Quote exactly, and only, the lines from the one containing "아시안게임 조직위원회 신문이" through the end of the material below. Skip pictures.

PROVIDED DATA Start Marker

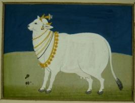 | Description / विवरण | Miniature painting depicting Maha Raas Lila scenes. It depicts a cow in standing position decorated with jewels. |
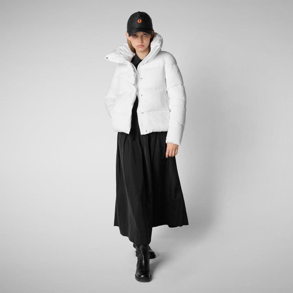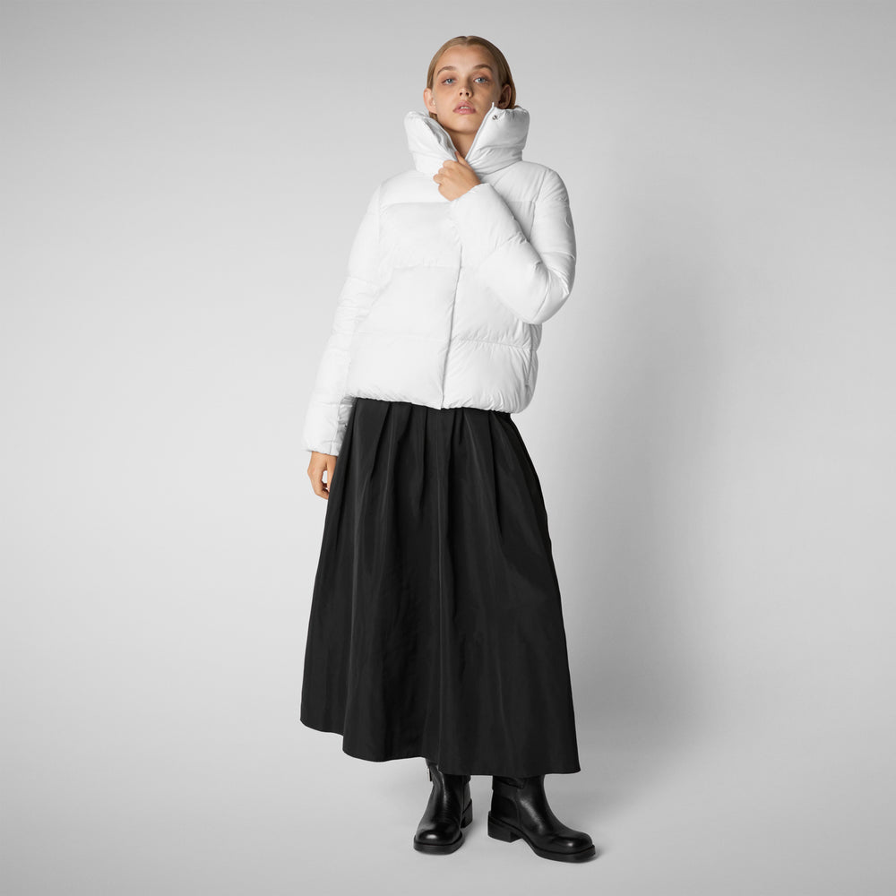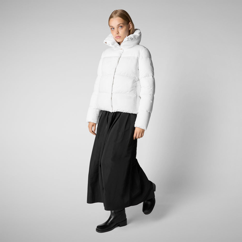 Indulge in the comfortable softness of our Felicity puffer, an elevated cold-weather staple. Accented by light gold details, it features a high, plush neck secured by a gold-tone logo snap, complementing the two-way zip opening with hidden snaps for a seamless look. Concealed zippered lower pockets add to its sleek silhouette, making this contemporary design a go-to option for your winter wardrobe.
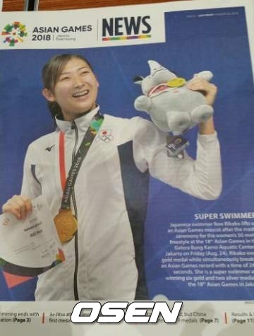 아시안게임 조직위원회 신문이 '6관왕'의 위업을 달성한 일본의 여자 수영천재 이케에 리카코(18)를 조명했다.
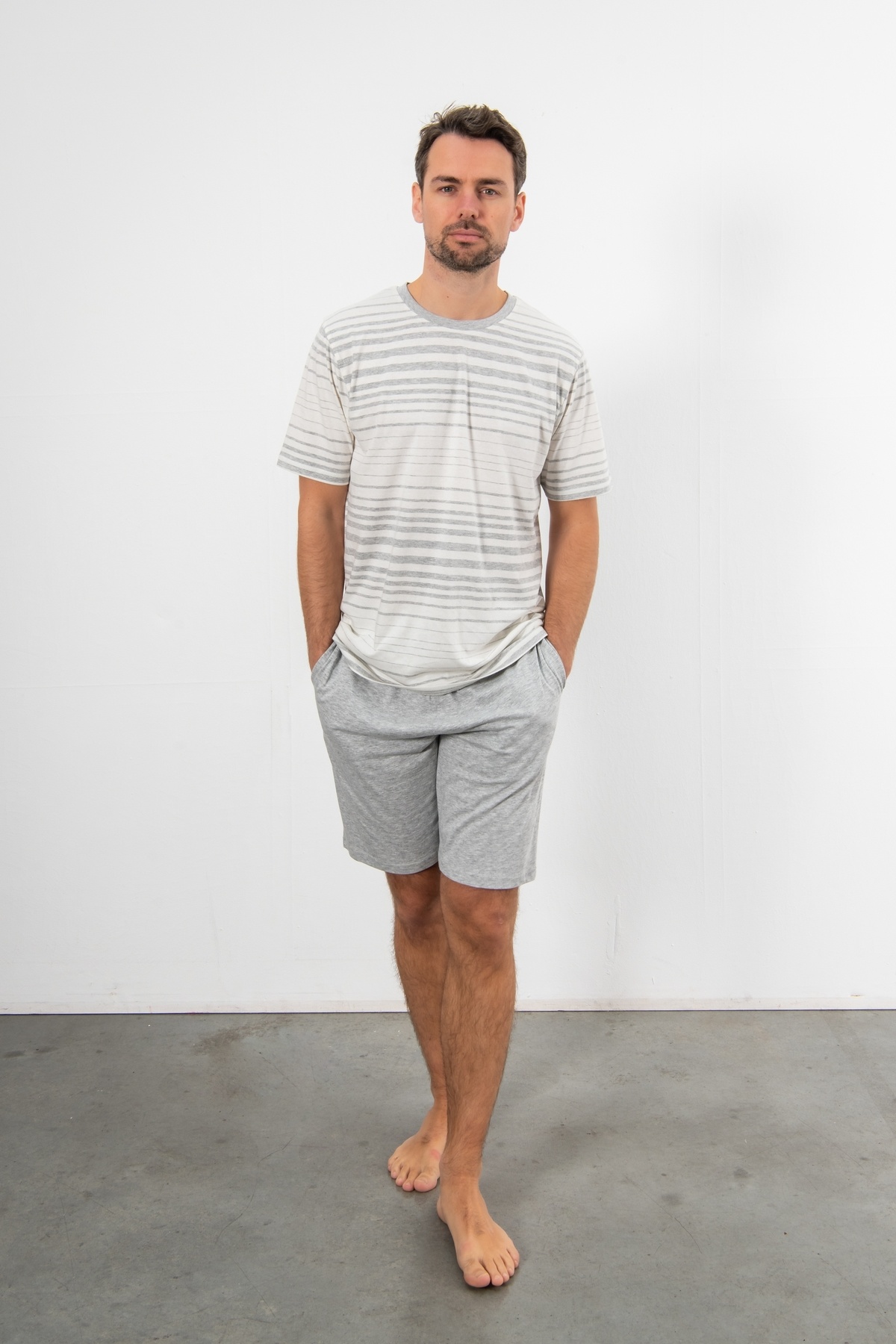 De Cappuccino Venezia Pyjama Set combineert moderne stijl met praktische details. Het T-shirt heeft een eigentijds gestreept patroon en een comfortabele ronde hals. De bijpassende korte broek beschikt over een elastische tailleband, waardoor deze altijd perfect aansluit en veel bewegingsvrijheid biedt.

PROVIDED DATA End Marker

- **REPLY TO THE TASK**:
 아시안게임 조직위원회 신문이 '6관왕'의 위업을 달성한 일본의 여자 수영천재 이케에 리카코(18)를 조명했다.
 De Cappuccino Venezia Pyjama Set combineert moderne stijl met praktische details. Het T-shirt heeft een eigentijds gestreept patroon en een comfortabele ronde hals. De bijpassende korte broek beschikt over een elastische tailleband, waardoor deze altijd perfect aansluit en veel bewegingsvrijheid biedt.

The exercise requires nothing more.